Глобализация делает Запад уязвимым и в экономическом плане. «Штабная» западная экономика все больше и больше виртуализируется. Это значит, что основную прибыль она получает уже не из реального (физического) производства товаров, а из тех операций, которые целиком лежат в непроизводительной сфере: информационный бизнес, реклама, сфера услуг, «имиджевый капитал», управление, игра на курсах валют и акций. В США, например, реальное производство дает сейчас только 10% прибыли, остальные 90% образуются в сфере услуг, то есть там, где никаких товаров не возникает. В мировом же масштабе, даже по самым консервативным оценкам, соотношение этой фиктивной денежной массы к реальному обороту товаров достигает 100:1 (7, 9). Эти громадные, ничем не связанные капиталы, бродят, благодаря сетевым технологиям, по всему миру, порождая его неустойчивость и грозя тотальным обвалом.
Причем, разница между мировыми цивилизациями здесь ощущается особенно ясно. Для Запада глобальная финансовая или технологическая катастрофа, «отключающая» прежде всего высокие технологии, как раз и составляющие преимущество западной цивилизации перед остальными, будет означать полный коллапс, распад, крушение, в то время как Третий мир, базирующийся в основном на гораздо более устойчивую аграрно-индустриальную экономику, в основном сохранит свою целостность. Какое дело, в конце концов, иракскому, курдскому, египетскому, китайскому ремесленнику или земледельцу до компьютеров, Интернета и спутниковых систем связи? Его обыденное существование от этого практически не зависит.
И, наконец, глобализация, делающая государственные границы прозрачными, размывает не только этнические особенности Третьего мира, подвергающегося вестернизации, но и цивилизационную общность самого Запада. Вынужденный, вследствие острого демографического кризиса, импортировать рабочую силу из бедных стран, Запад становится все менее «европейским» и «американским». «Арабизация» Франции, «тюркизация» Германии, «албанизация» Италии, «латинизация» Соединенных Штатов – процесс, который, вероятно, уже не остановить. Причем, если раньше иммигранты достаточно быстро ассимилировались в культуру Запада, пополняя уже в первом, в крайнем случае, во втором поколении число его лояльных, законопослушных граждан, то теперь они образуют изолированные анклавы, сохраняющие свой язык, культуру, свои обычаи. Запад необратимо утрачивает внутреннее единство, и, возможно, завоевание этого цивилизационного ареала произойдет вовсе не военным, требующим колоссальных жертв, а вполне мирным путем.

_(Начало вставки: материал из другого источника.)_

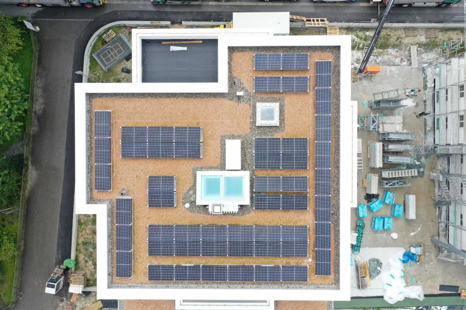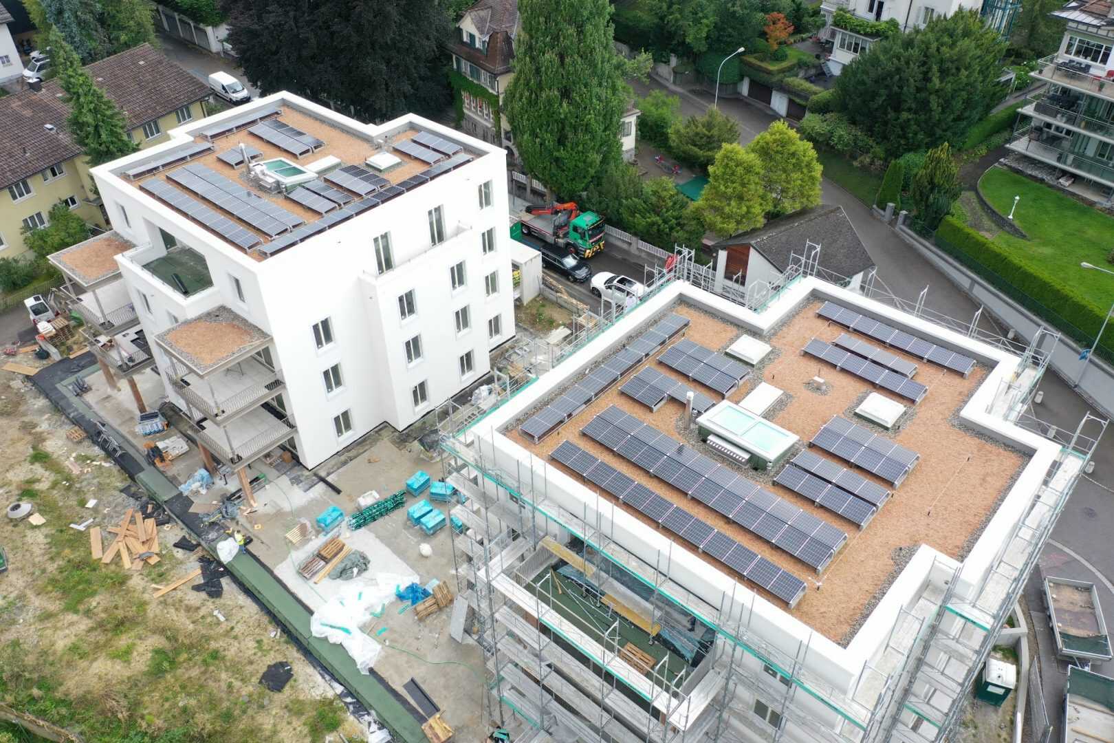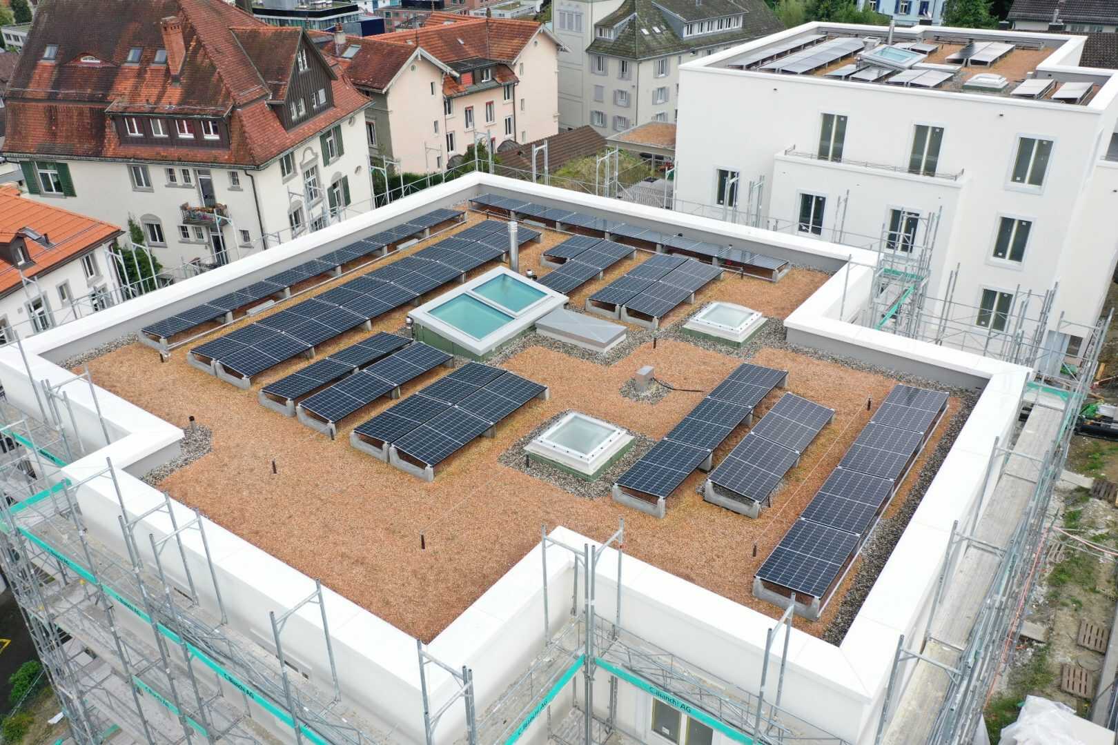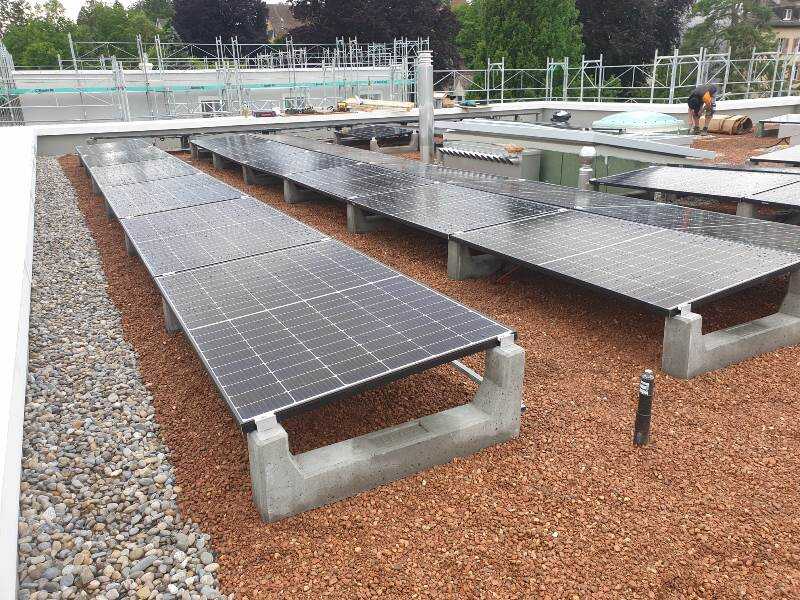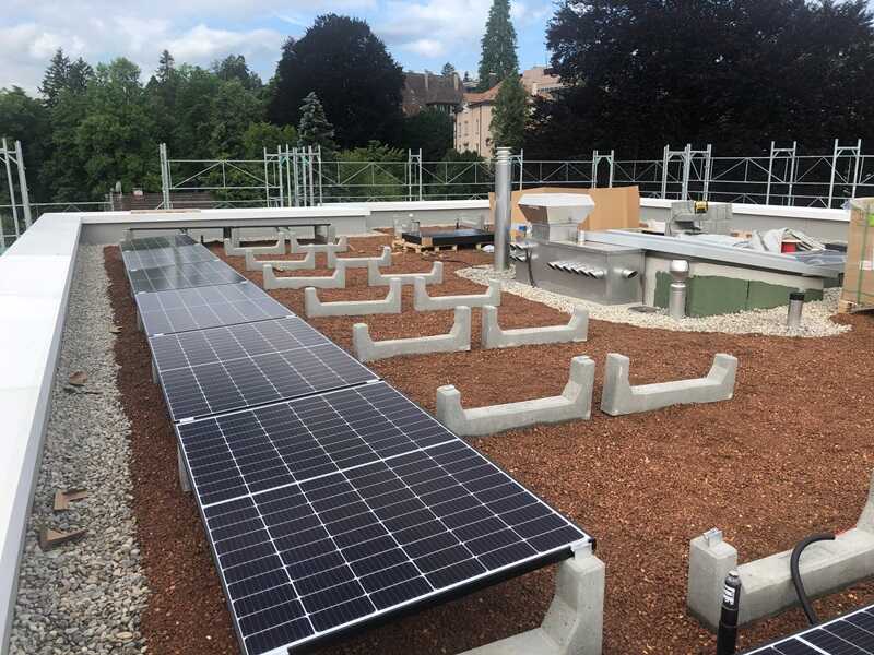 Es ist nie zu früh, um mit einer umweltfreundlichen Produktion zu beginnen, und diese beiden noch im Bau befindlichen Gebäude sind ein Beispiel dafür. Unser Kunde, die Schwizer Spenglerei AG, entschied sich beim Bau dieser Anlage für den Einsatz von Unterkonstruktione mit einer Neigung von 5°.3 in verschiedenen Positionen, um die Sonnenenergie zu allen Tageszeiten optimal zu nutzen.

Как раньше Запад, используя свое технологическое превосходство, колонизировал Юг и Восток, так теперь Юг и Восток, используя свое демографическое превосходство, колонизируют Запад.
При этом он утратит даже свой статус Первого мира.
Первый мир, как уже постепенно становится очевидным, образуют те внегосударственные структуры, о которых мы выше упоминали: транснациональные корпорации, Международный валютный фонд, Всемирная торговая организация и другие. Сейчас они опираются в основном на Запад, включая Японию, просто потому, что здесь находится их «питательная среда», но ничто не мешает им в дальнейшем перейти во фрактальное состояние, опираясь уже не на конкретные страны, а на определенные «зоны роста», рассредоточенные по всей планете. Фактически, они превратятся в принципиально новую цивилизацию, «цивилизацию власти», «цивилизацию управления», каковой в истории человечества еще не было.
Тогда структура нового мироустройства обретает следующий характер:
Первый мир – это глобализованные элиты, «когнитивная цивилизация», существующая не столько в географическом, сколько в социальном пространстве.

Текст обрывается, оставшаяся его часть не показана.